Os meteorologistas responsáveis não avisaram às rabidantes que não era preciso trazerem casacos de peles sintéticas. Que mais não avisaram?


Agora sim, o medo começa a instalar-se mesmo. Hoje em dia , os pensamentos estapafúrdios e absurdos das noites de insónias voluntárias ou involuntárias, passíveis de ocorrer a um cabo-verdiano, incluem também solucionar mentalmente o problema: tsunami em Cabo Verde, que tipo de abrigos construir? Se as ondas tiverem mais de duzentos metros não é preciso pensar em soluções, ficaremos reduzidos ao que sempre fomos (dos restos da Atlântida perdida), numa versão mais molhada .

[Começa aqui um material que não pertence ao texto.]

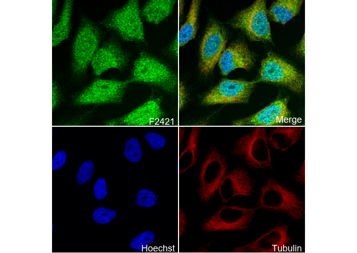 • Immunofluorescent analysis of Hela cells using F2421 (green, 1:100), Hoechst (blue) and tubulin (Red).
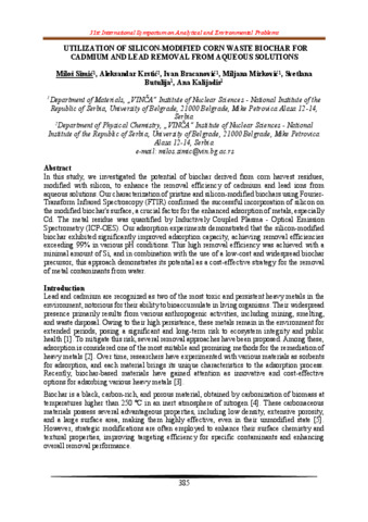 Simić Miloš; Krstić Aleksandar; Bracanović Ivan; Mirković Miljana; Butulija Svetlana; Kalijadis Ana: Utilization of silicon-modified corn waste biochar for cadmium and lead removal from aqueous solutions.

Mas se as ondas forem menos de duzentos metros, teremos de pensar em construção de abrigos, e se a insónia for daquelas ferradas, o pensamento vai mais longe, já estaremos a resolver problemas geológicos e matemáticos inventando inclusive fórmulas inéditas sobre como sobreviver aos desabamentos, aos esgotos a céu aberto, e por aí adiante...

As nossas tropas serão suficientes? Com a unidade climática, em vez de ajuda externa passaremos a ter ajuda interna. Ela chegará a todas as vítimas das mudanças climáticas mundiais?